▸ What this task involves
Wherever pictures appear in the listing below, leave them out, and copy exactly, and only, everything from the line with "Lotto composto da" down to the line with "September 2025 Average".

▸ Given information
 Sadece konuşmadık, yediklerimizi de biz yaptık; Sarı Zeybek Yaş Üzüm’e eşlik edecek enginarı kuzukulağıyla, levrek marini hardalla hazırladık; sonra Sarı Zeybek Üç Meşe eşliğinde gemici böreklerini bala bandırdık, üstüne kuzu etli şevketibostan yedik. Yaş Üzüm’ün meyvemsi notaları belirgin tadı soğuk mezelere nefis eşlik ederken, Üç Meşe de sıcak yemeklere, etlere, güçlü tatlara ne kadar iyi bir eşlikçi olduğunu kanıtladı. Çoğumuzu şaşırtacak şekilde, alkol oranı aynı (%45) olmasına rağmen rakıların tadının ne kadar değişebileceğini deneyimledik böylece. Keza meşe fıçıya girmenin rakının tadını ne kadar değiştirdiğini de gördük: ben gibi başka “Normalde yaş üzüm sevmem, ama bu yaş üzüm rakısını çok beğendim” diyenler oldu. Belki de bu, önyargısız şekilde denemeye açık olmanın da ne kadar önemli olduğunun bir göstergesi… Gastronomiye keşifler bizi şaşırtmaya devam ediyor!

---

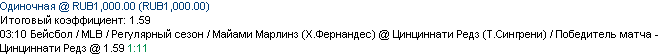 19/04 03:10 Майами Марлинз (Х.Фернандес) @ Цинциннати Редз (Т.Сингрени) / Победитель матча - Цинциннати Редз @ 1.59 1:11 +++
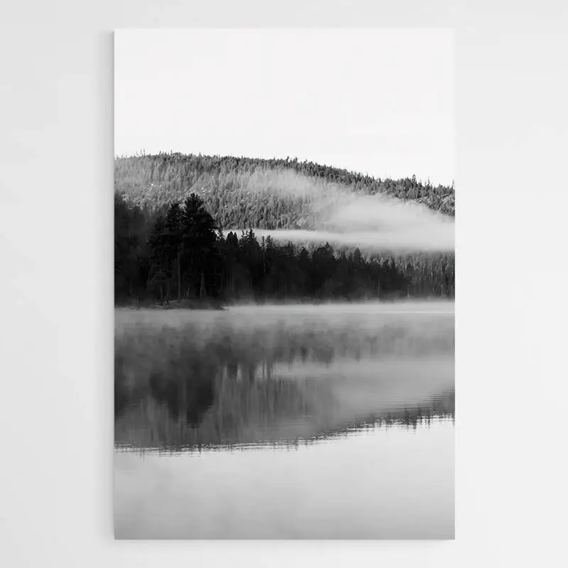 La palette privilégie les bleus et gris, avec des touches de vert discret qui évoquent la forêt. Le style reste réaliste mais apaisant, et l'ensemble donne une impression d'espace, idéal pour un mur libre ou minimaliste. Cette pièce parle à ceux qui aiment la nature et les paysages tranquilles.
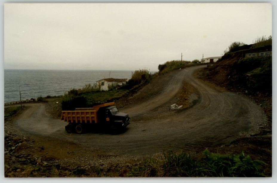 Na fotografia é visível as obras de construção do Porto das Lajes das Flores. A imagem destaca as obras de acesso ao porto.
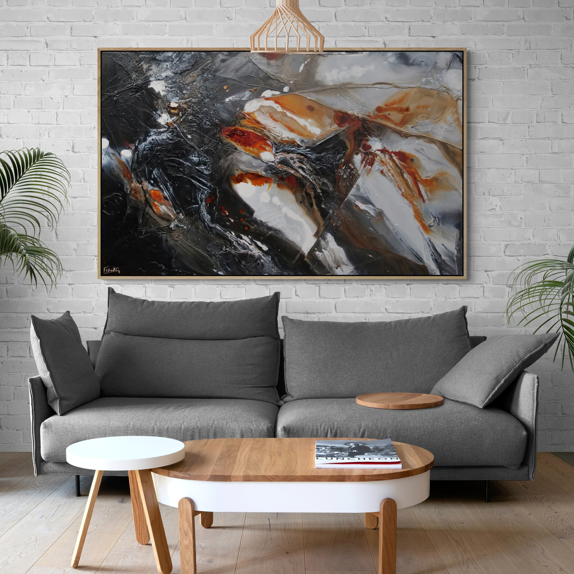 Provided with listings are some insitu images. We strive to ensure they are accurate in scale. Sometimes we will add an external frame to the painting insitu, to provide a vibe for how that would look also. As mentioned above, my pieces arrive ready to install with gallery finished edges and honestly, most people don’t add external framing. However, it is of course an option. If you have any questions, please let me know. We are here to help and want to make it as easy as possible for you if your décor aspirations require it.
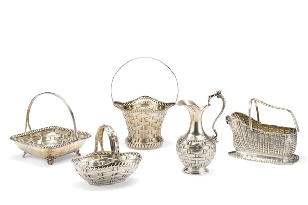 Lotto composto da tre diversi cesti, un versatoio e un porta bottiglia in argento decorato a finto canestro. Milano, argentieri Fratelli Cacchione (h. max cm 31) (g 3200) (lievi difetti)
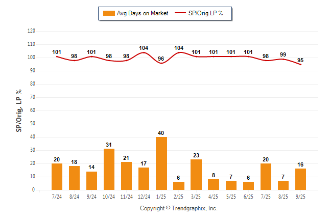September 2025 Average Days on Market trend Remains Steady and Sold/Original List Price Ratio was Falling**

---

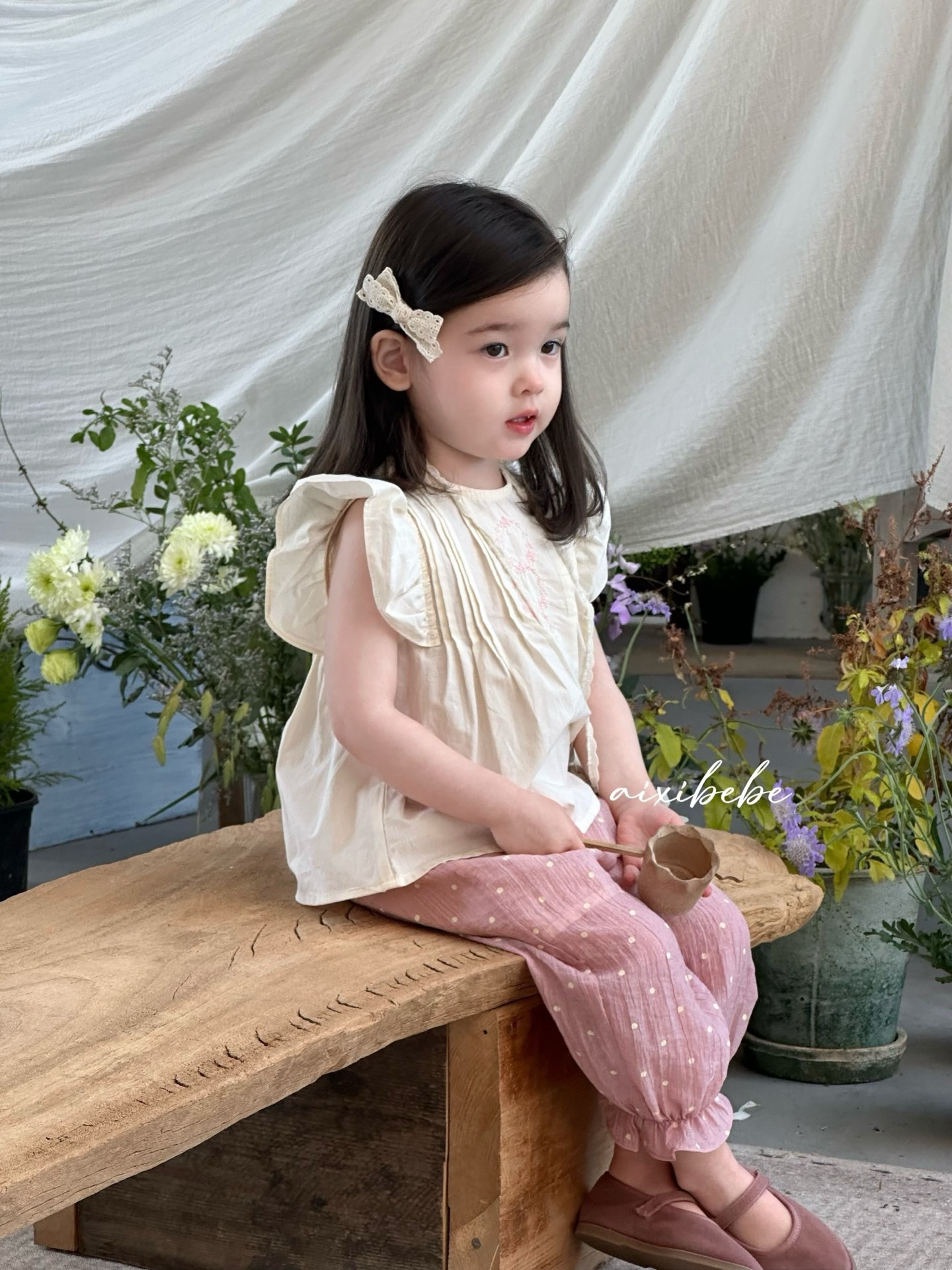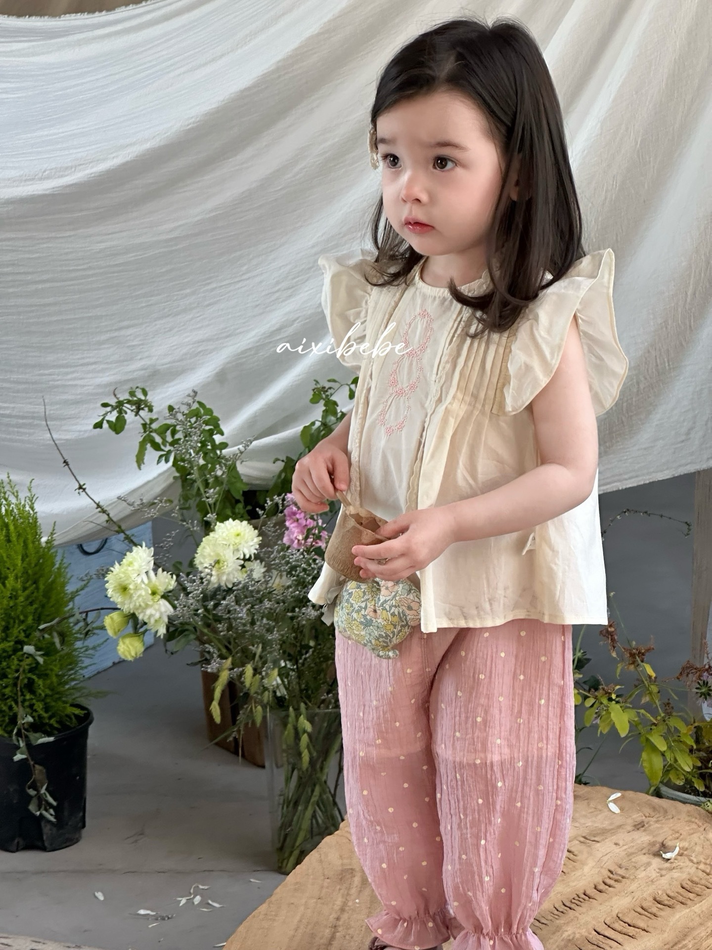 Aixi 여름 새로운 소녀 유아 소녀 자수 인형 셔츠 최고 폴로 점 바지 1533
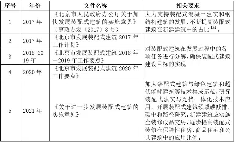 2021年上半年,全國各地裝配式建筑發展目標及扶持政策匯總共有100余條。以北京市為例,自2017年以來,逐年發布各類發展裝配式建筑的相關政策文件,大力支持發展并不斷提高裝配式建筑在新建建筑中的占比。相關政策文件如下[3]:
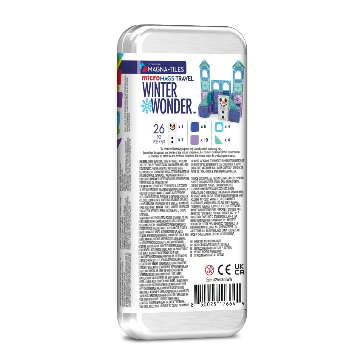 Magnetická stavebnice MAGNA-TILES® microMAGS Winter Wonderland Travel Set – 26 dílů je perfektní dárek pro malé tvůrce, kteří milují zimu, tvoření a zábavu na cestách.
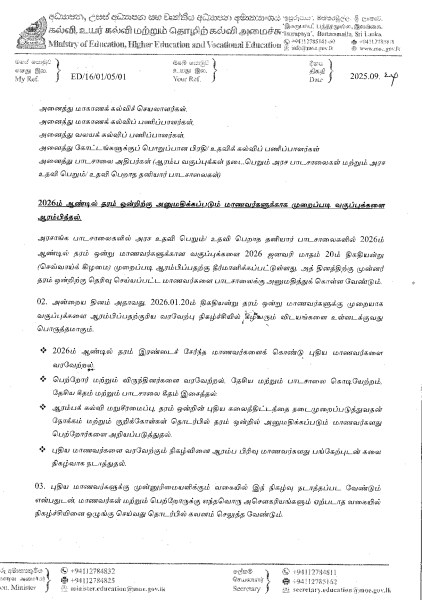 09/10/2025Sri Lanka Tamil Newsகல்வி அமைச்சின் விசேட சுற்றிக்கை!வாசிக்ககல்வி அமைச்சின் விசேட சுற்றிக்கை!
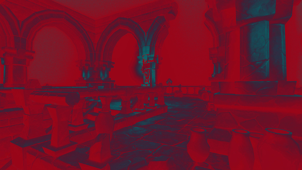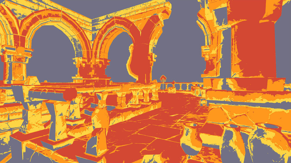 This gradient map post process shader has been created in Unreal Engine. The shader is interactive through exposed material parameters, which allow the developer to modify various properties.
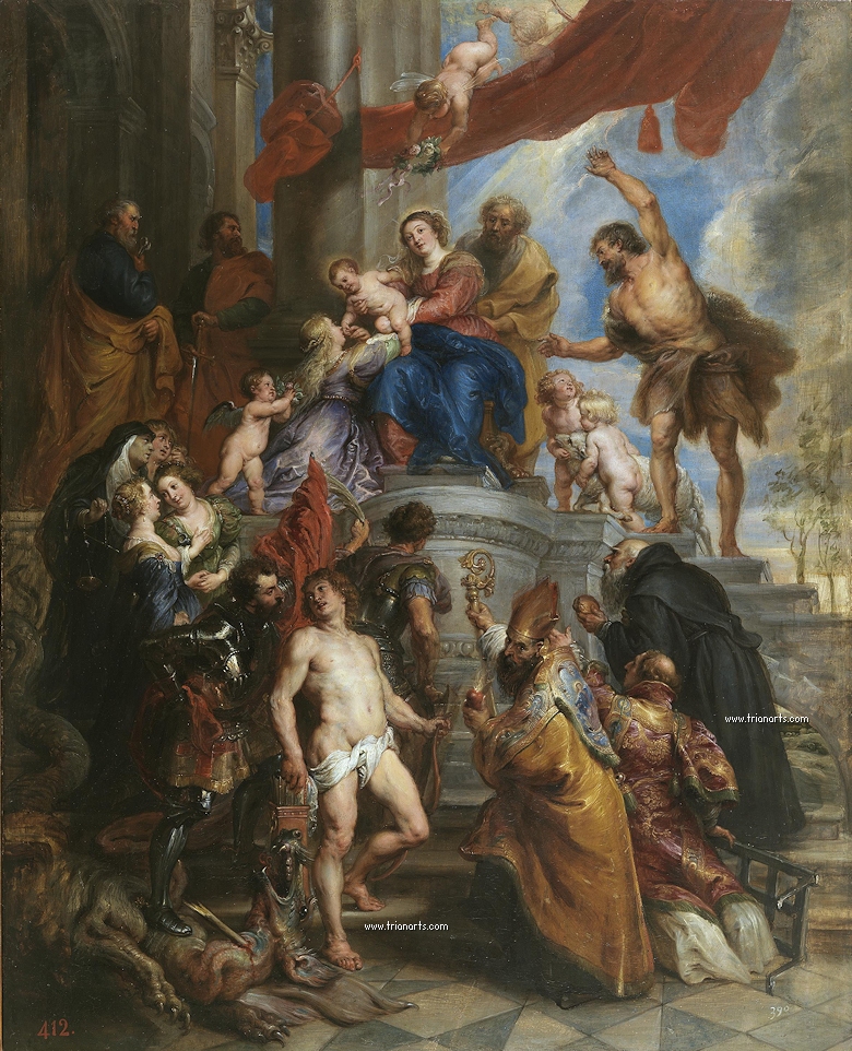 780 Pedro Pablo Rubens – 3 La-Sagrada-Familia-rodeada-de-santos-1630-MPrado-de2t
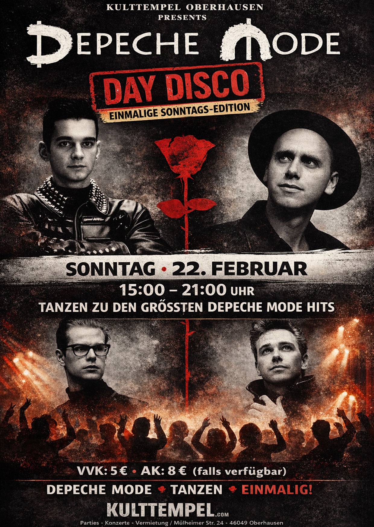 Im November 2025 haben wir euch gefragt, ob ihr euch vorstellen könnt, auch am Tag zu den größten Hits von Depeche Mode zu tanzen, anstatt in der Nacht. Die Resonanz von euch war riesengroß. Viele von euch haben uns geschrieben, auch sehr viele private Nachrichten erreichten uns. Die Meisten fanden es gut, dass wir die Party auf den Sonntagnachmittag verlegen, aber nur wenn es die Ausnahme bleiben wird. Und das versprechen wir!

▸ Answer section
 Lotto composto da tre diversi cesti, un versatoio e un porta bottiglia in argento decorato a finto canestro. Milano, argentieri Fratelli Cacchione (h. max cm 31) (g 3200) (lievi difetti)
September 2025 Average Days on Market trend Remains Steady and Sold/Original List Price Ratio was Falling**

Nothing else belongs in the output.